= George Henry Woodson =

American lawyer and civil rights activist

George Henry Woodson (December 15, 1865 – July 7, 1933) was an American lawyer, organizer, and civil rights campaigner who lived in Iowa. He was involved in civil rights organizations. He was a public speaker and received new coverage for his activism. He ran for political office.

He was born in Wytheville, Virginia. His parents had been enslaved.

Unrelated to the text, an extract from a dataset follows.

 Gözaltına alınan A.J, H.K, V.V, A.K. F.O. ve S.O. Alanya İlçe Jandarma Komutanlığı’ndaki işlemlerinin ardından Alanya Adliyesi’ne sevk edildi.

On June 11, 1883, he enlisted with Company I of the 25th Infantry in Louisville, Kentucky. He served for five years. Afterwards he earned a bachelor's degree from Virginia Normal & Collegiate Institute (now Virginia State University) and in 1895 he graduated from the Howard University Law School. He opened a law office in Muchakinock, Iowa, a Consolidated Coal Company coal mining town where African Americans were employed. He also had an office in Buxton, Iowa. He partnered with S. Joe Brown. Brown was the first African American graduate of the University of Iowa and was a leading civil rights lawyer and advocate. He served as a Deputy Collector of Customs in Des Moines from 1921 until infirmity shortly before his death.

He was a co-founder of the Afro-American Council. He helped organize the Iowa Negro Bar Association. He was a founder of the Niagara Movement, National Independent Political League (NIPL), and then the NAACP as a charter member of the Des Moines Branch. He was a founder of the National Bar Association.

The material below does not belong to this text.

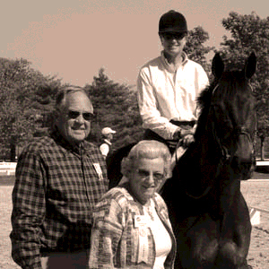 Winsome Adante (Saunter x Juswith Genoa) is owned by Ms. Linda Wachtmeister, was ridden by Kim Severson, and was bred in England by Janet and Chris Gooch. Dan, as he is called at home, made his mark on the sport of eventing from the beginning of his career. From 2000 to 2007 Dan competed in 47 competitions, placing in the top three in 39 of them.

He was a Republican organizer and in 1924 Calvin Coolidge appointed him to a post investigating the situation in the U.S. Virgin Islands, which was acquired by the U.S. in 1916. He campaigned for Mahaska County Attorney and for a seat in the Iowa House of Representatives. He states that "Full citizenship for the race is impossible without suffrage, and the constitutional amendments urged by Democrats and only Democrats for the disfranchisement of our people in the southland are dampers to our inspiration and deathblows to our progress. No people who love liberty can safely support a party or a plan pledged to the abrogation of their civil rights." In 1912 he was the Republican Party's candidate for Monroe County, Iowa.

He and his wife were married later in their lives.

A letter from him to W. E. B. Du Bois survives.

==See also==
- Reuben Gaines Jr.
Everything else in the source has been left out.